### Data to examine
---------------
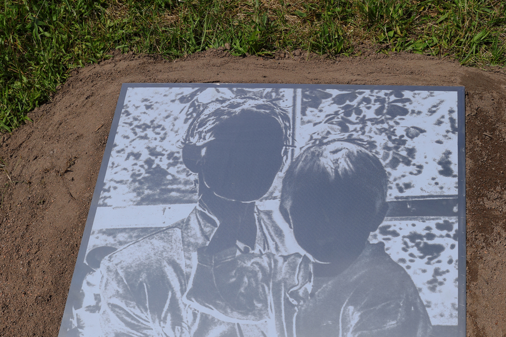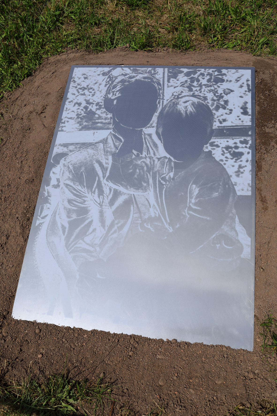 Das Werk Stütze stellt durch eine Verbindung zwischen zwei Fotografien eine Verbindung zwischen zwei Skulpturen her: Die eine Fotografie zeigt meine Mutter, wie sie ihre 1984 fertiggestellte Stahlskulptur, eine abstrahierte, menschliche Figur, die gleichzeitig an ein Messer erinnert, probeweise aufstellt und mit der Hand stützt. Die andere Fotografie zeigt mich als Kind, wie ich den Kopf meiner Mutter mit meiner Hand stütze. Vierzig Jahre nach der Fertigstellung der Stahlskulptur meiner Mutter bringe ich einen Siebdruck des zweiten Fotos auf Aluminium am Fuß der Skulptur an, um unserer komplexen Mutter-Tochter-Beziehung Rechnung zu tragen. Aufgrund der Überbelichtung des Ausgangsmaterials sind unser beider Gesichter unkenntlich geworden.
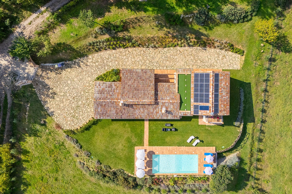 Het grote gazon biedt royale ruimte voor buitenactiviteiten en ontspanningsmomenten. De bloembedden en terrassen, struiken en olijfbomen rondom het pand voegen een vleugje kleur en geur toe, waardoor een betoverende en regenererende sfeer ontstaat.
---------------
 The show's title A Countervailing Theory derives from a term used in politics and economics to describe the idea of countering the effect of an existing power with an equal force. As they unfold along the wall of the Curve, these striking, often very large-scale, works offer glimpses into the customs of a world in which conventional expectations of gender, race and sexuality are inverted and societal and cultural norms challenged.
---------------
### Work required
Take the material above and output only the lines from the one that contains "Das Werk Stütze" through the one that contains "Het grote gazon", ends included and images left out.

### Expected output
 Das Werk Stütze stellt durch eine Verbindung zwischen zwei Fotografien eine Verbindung zwischen zwei Skulpturen her: Die eine Fotografie zeigt meine Mutter, wie sie ihre 1984 fertiggestellte Stahlskulptur, eine abstrahierte, menschliche Figur, die gleichzeitig an ein Messer erinnert, probeweise aufstellt und mit der Hand stützt. Die andere Fotografie zeigt mich als Kind, wie ich den Kopf meiner Mutter mit meiner Hand stütze. Vierzig Jahre nach der Fertigstellung der Stahlskulptur meiner Mutter bringe ich einen Siebdruck des zweiten Fotos auf Aluminium am Fuß der Skulptur an, um unserer komplexen Mutter-Tochter-Beziehung Rechnung zu tragen. Aufgrund der Überbelichtung des Ausgangsmaterials sind unser beider Gesichter unkenntlich geworden.
 Het grote gazon biedt royale ruimte voor buitenactiviteiten en ontspanningsmomenten. De bloembedden en terrassen, struiken en olijfbomen rondom het pand voegen een vleugje kleur en geur toe, waardoor een betoverende en regenererende sfeer ontstaat.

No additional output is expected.